On The Cover/Top Stories

A Light Bulb Goes On
Joann Muller 12.13.07, 6:00 PM ET
Forbes Magazine dated January 07, 2008

Lawmakers in Washington want to solve America's pollution and energy problems by imposing higher fuel economy standards on automobiles. Willett Kempton has a more exotic approach: turn cars into rolling power stations that can provide clean energy when utilities need it most.

Kempton, a wiry, 59-year-old renewable energy professor at the University of Delaware with round, wire-rimmed glasses and a shock of white hair, is the nation's foremost proponent of what's known as vehicle-to-grid technology.

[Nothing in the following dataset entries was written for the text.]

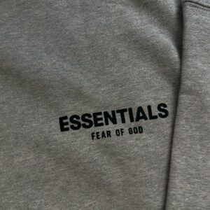 Classic heather gray hoodie by Fear of God Essentials. Features a minimalist design with front logo detail. Ideal for everyday wear.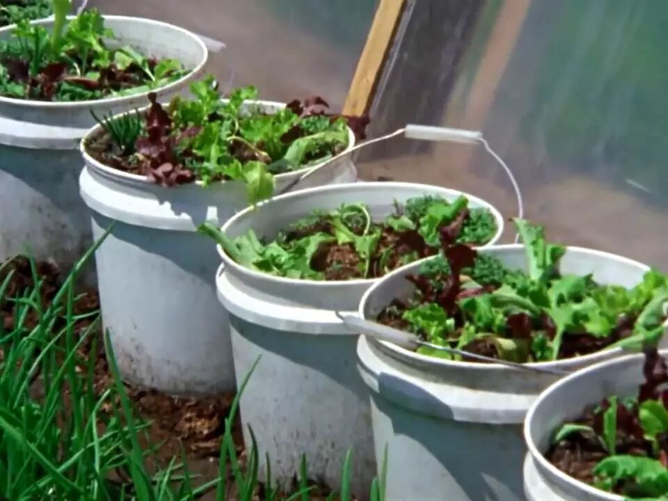 这一排在桶里的沙拉菜,即便没有多大地方的人也可以种。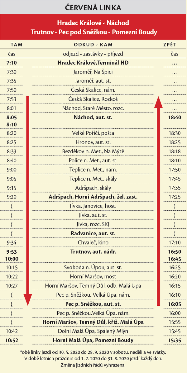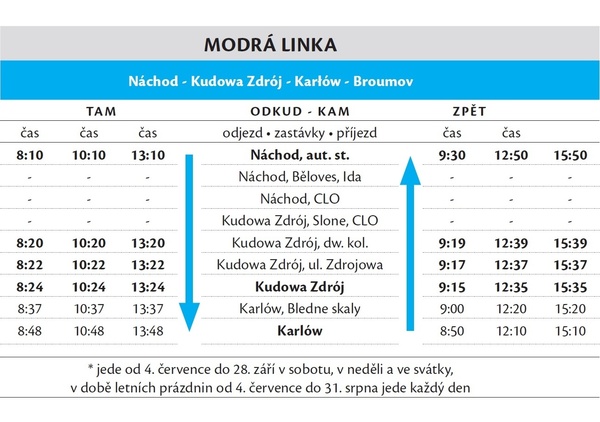 W lecie można korzystać z cyklobusów, które zawiozą Państwa do atrakcyjnych miejsc turystycznych i znów z powrotem. Rowery można wypożyczać wprost na dworcu kolejowym Czeskich Kolei (České dráhy) w stacji Czeska Skalice (Česká Skalice). Wypożyczony rower należy wrócić znów w Skalicy (Skalice) lub na stacjach Czerwony Kostelec (Červený Kostelec) i Nachod (Náchod).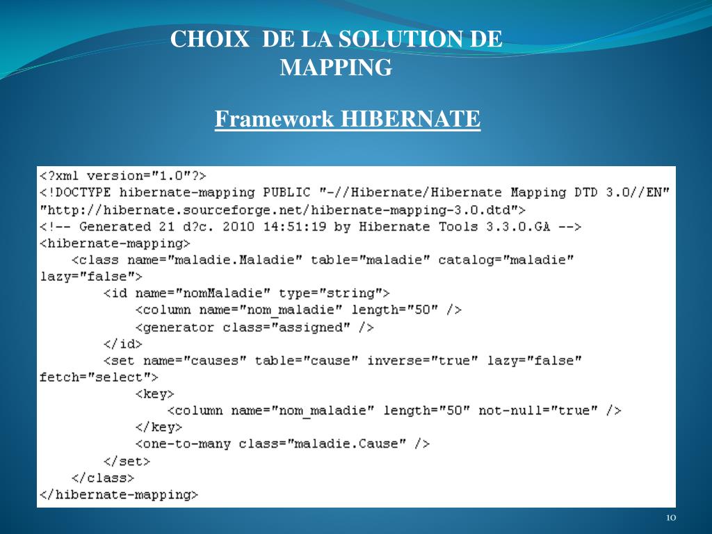 CHOIX DE LA SOLUTION DE MAPPING Framework HIBERNATE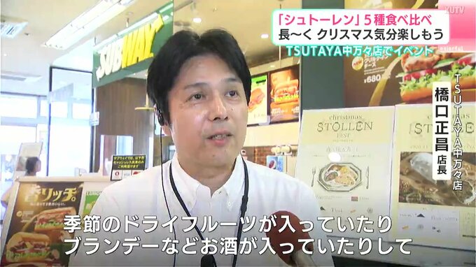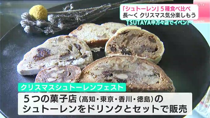 20日から高知市のTSUTAYA中万々店で始まったのは、「クリスマスシュトーレンフェスト」です。高知・東京・香川・徳島にある5店舗の菓子店のシュトーレンをドリンクとセットで販売しています。(※販売価格2000円・イートインのみ・売り切れ次第終了)

For ten years he's been trying to convince utilities and automakers that electric cars could draw power at night, when power is cheaper, and then discharge some of that juice back into the grid during the day to balance supply and demand for electricity. Kempton's theory is beginning to win applause from some car and utility folks, but daunting technical and economic obstacles make it a tough sell.

Kempton argues his idea doesn't have to wait for cheaper batteries, the main stumbling block to production of electric vehicles. He's got a way, he says, for owners of electric cars to recoup the cost of even very expensive batteries, the ones with price tags in the $20,000 range. It involves using cars to supply a reserve of electric power that can smooth out minute-to-minute shortages in the transmission grid.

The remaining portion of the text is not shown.